*** Block opens ***
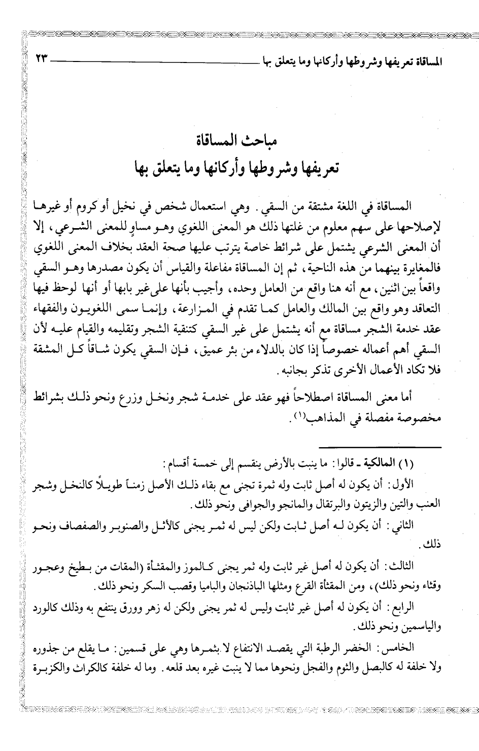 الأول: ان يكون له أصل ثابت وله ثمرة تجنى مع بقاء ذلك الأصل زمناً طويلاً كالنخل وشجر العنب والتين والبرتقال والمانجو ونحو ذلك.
*** Block closes ***
*** Block opens ***
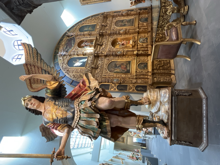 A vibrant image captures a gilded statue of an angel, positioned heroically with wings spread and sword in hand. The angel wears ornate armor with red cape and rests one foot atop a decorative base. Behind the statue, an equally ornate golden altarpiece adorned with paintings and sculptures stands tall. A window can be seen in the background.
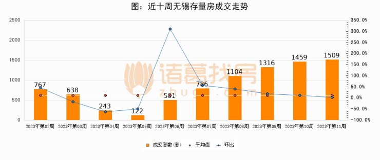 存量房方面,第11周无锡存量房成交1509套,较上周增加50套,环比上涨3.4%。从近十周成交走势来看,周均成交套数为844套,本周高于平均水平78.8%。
*** Block closes ***
*** Block opens ***
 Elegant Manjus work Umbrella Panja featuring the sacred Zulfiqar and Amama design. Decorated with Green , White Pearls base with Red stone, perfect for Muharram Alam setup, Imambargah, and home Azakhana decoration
*** Block closes ***
Task to complete :: The material above holds pictures; leave them out and set down exactly the lines from the line with "A vibrant image" to the line with "存量房方面,第11周无锡存量", both included.

The completed task ::
 A vibrant image captures a gilded statue of an angel, positioned heroically with wings spread and sword in hand. The angel wears ornate armor with red cape and rests one foot atop a decorative base. Behind the statue, an equally ornate golden altarpiece adorned with paintings and sculptures stands tall. A window can be seen in the background.
 存量房方面,第11周无锡存量房成交1509套,较上周增加50套,环比上涨3.4%。从近十周成交走势来看,周均成交套数为844套,本周高于平均水平78.8%。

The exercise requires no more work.